RE: [PATCH 1/1] RAS: Add CPU Correctable Error Collector to isolate an erroneous CPU core

From: Shiju Jose
Date: Fri Oct 02 2020 - 08:23:17 EST


Hi Boris, Hi James,

>-----Original Message-----
>From: Borislav Petkov [mailto:bp@xxxxxxxxx]
>Sent: 01 October 2020 18:31
>To: James Morse <james.morse@xxxxxxx>
>Cc: Shiju Jose <shiju.jose@xxxxxxxxxx>; linux-edac@xxxxxxxxxxxxxxx; linux-
>acpi@xxxxxxxxxxxxxxx; linux-kernel@xxxxxxxxxxxxxxx; tony.luck@xxxxxxxxx;
>rjw@xxxxxxxxxxxxx; lenb@xxxxxxxxxx; Linuxarm <linuxarm@xxxxxxxxxx>
>Subject: Re: [PATCH 1/1] RAS: Add CPU Correctable Error Collector to isolate
>an erroneous CPU core
>
>On Thu, Oct 01, 2020 at 06:16:03PM +0100, James Morse wrote:
>> If the corrected-count is available somewhere, can't this policy be
>> made in user-space?
>
>You mean rasdaemon goes and offlines CPUs when certain thresholds are
>reached?
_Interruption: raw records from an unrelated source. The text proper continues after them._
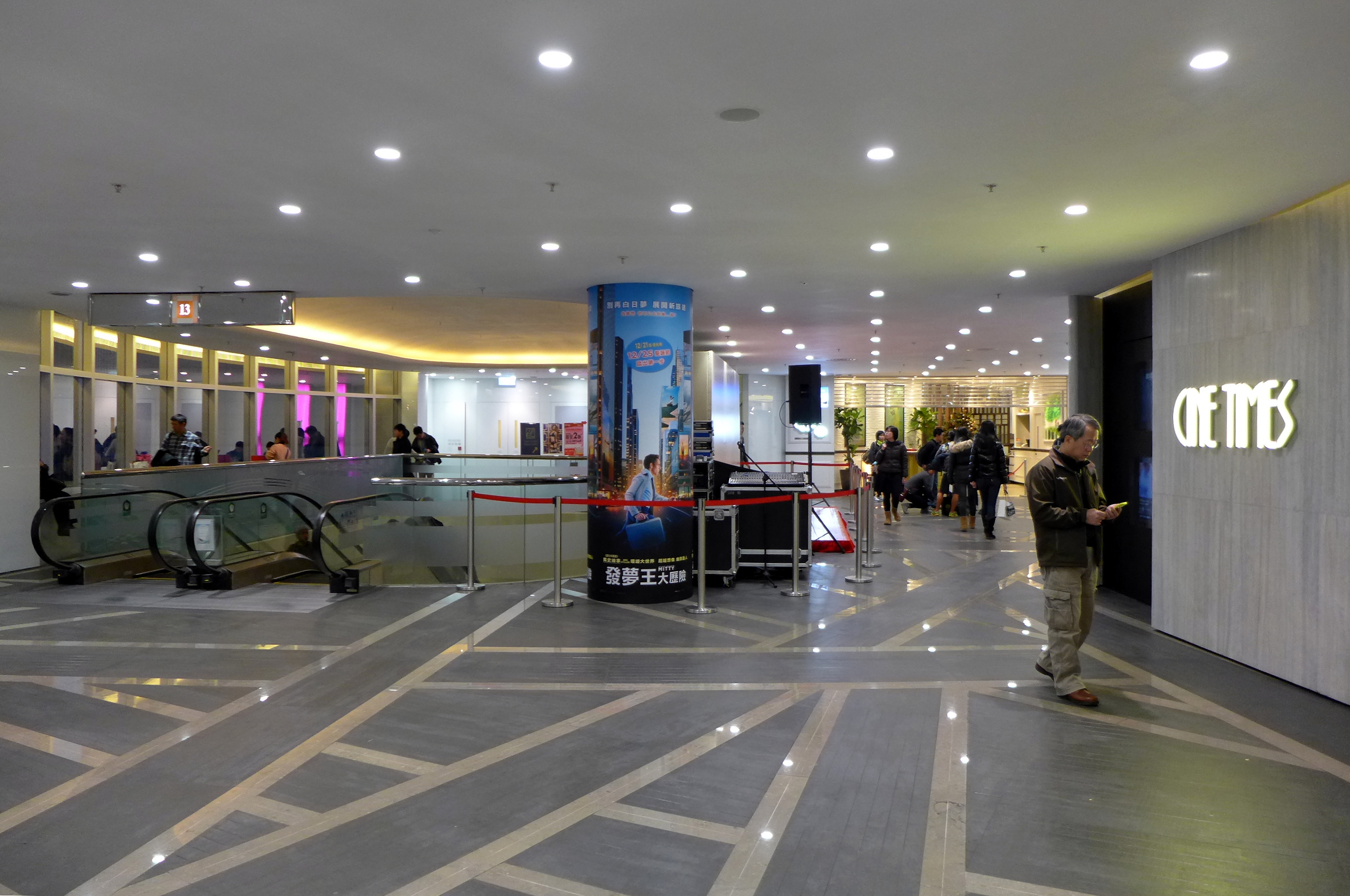 HK Times Square Food Forum 13F
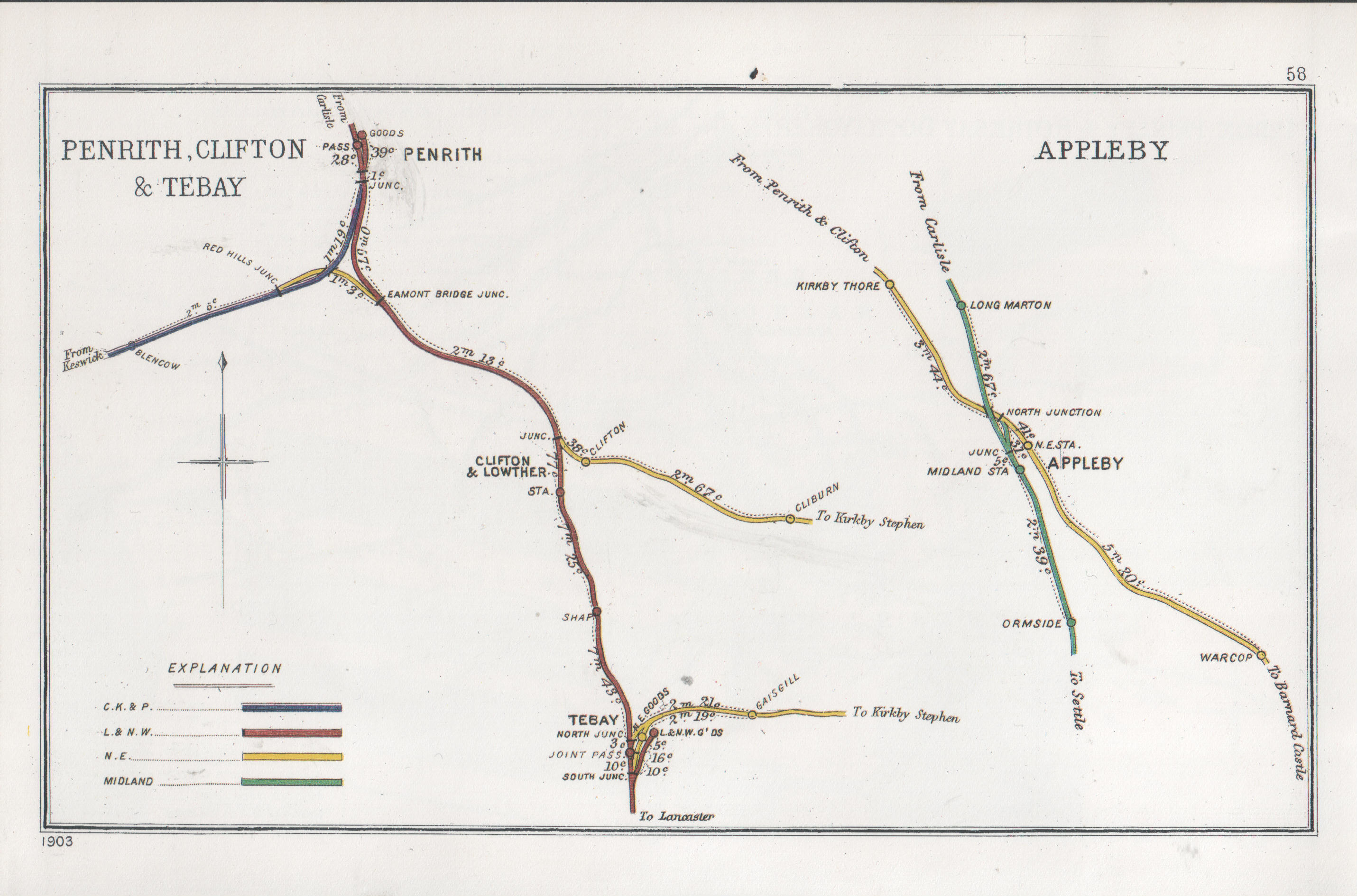 Pre Grouping railway junction around Penrith, Clifton & Tebay; Appleby
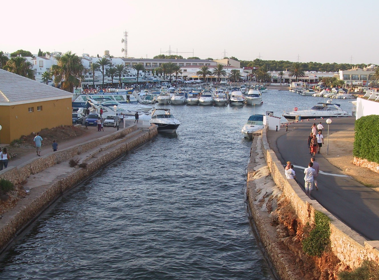 Harbour (marina) of Cala en Bosch, Minorca, Spain, at daytime

Sure. It would be much more flexible too.

I will send the kernel changes for existing CEC to support the CPU CE errors.
Can you please have a look?

Thanks,
Shiju

>
>--
>Regards/Gruss,
> Boris.
>
>https://people.kernel.org/tglx/notes-about-netiquette